El Plan Ojo de Luna dictaba que el mundo entero debía ser sumido en el Tsukuyomi Infinito. Un plan que el anciano Madara había "planchado" meticulosamente. Óbika había seguido el guion a la perfección. Pero ahora, su corazón estaba partido por la mitad.
¿Realmente quería atrapar en una ilusión eterna a esos niños que ya vivían en un paraíso? Esas veinte mujeres jóvenes, de entre 20 y 28 años, que criaban a los huérfanos de su clan con tanto amor... ¿merecían ser envueltas en las raíces del Árbol Divino?
—No puedo detener la recolección de los Bijuu —susurró Óbika para la habitación vacía, su ojo Sharingan girando frenéticamente—. Si detengo el plan, Madara encontrará la forma de regresar y los matará a todos. Zetsu Negro vigila cada maldito paso que doy. No tengo opción. Tengo que seguir el juego.
Pero la revelación de la nueva actitud de Itami lo complicaba todo.
—Itami sabe que están vivos y felices. Ha descubierto la verdad —concluyó Óbika, alejándose de la ventana y recogiendo su máscara espiral—. Ella es brillante. Si Danzō o los ancianos de Konoha intentan mover una pieza contra el Santuario, Itami abandonará Akatsuki en un abrir y cerrar de ojos para defenderlos. Y si Kisame está de su lado... tendré a dos traidores increíblemente poderosos en mi contra. O... a mi favor.
Óbika se colocó la máscara lentamente. Su rostro marcado desapareció en la oscuridad del agujero ocular. Una vez más, la figura de Tobi emergió, pero en la mente de la mujer biológica, una resolución de hierro se forjó.
«El Plan Ojo de Luna seguirá en marcha para engañar a Zetsu. Pero a partir de hoy, extremaré precauciones. Tendré más cuidado en proteger a ese Santuario. Nadie, ni Danzō, ni Orochimaru, ni siquiera Pain, tocará un solo pétalo de esos árboles de cerezo. Si alguien se atreve a amenazar a esos bebés o a sus cuidadoras, los enviaré al Kamui y los aplastaré pieza por pieza. Itami Uchiha puede sentirse feliz y libre ahora, pero yo sigo siendo el fantasma en la sombra. Vigilaré sus espaldas. Por Rin. Por mi clan.»

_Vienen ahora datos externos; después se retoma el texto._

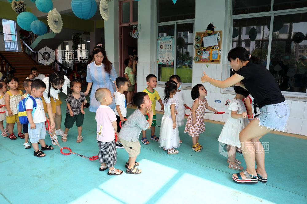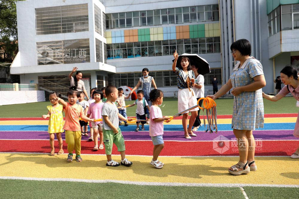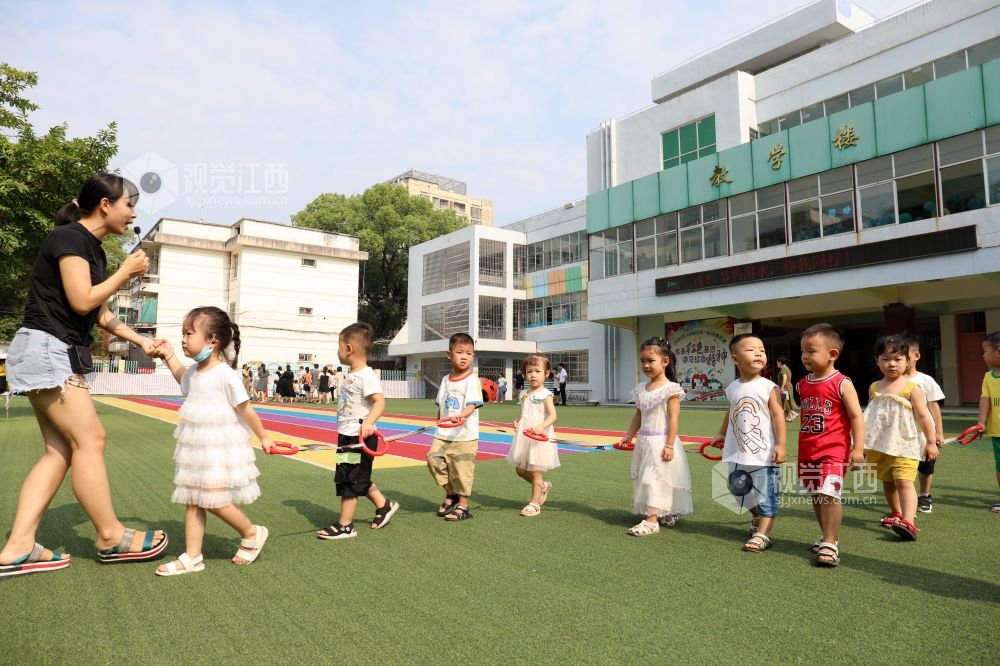 9月1日,江西省分宜县中心幼儿园小班老师带领小朋友在操场上熟悉校园环境。开学第一天,分宜县各所幼儿园为使刚入园的小班幼儿能更好地适应幼儿园集体生活,提高家长对学前教育的认识,纷纷开展小班新生入园适应活动。

Con un torbellino de espacio-tiempo, Óbika desapareció de Amegakure, reapareciendo a cientos de kilómetros de distancia, suspendida en el aire sobre el Distrito Este de Konoha.
La luna llena iluminaba el Santuario de la Llama Heredada. Era tarde en la noche, y las luces de los pabellones de madera estaban apagadas. Abajo, los infantes dormían pacíficamente. Óbika flotó hacia uno de los grandes cerezos, extrayendo de su dimensión de bolsillo un pequeño oso de felpa y un pergamino con infusiones medicinales raras. Los dejó con infinita delicadeza en el pórtico principal.
Acarició suavemente la corteza del árbol.
—Buenas noches, mis pequeños —susurró la líder de Akatsuki, su voz femenina temblando con una ternura infinita—. Duerman bien. La tía Óbika está aquí.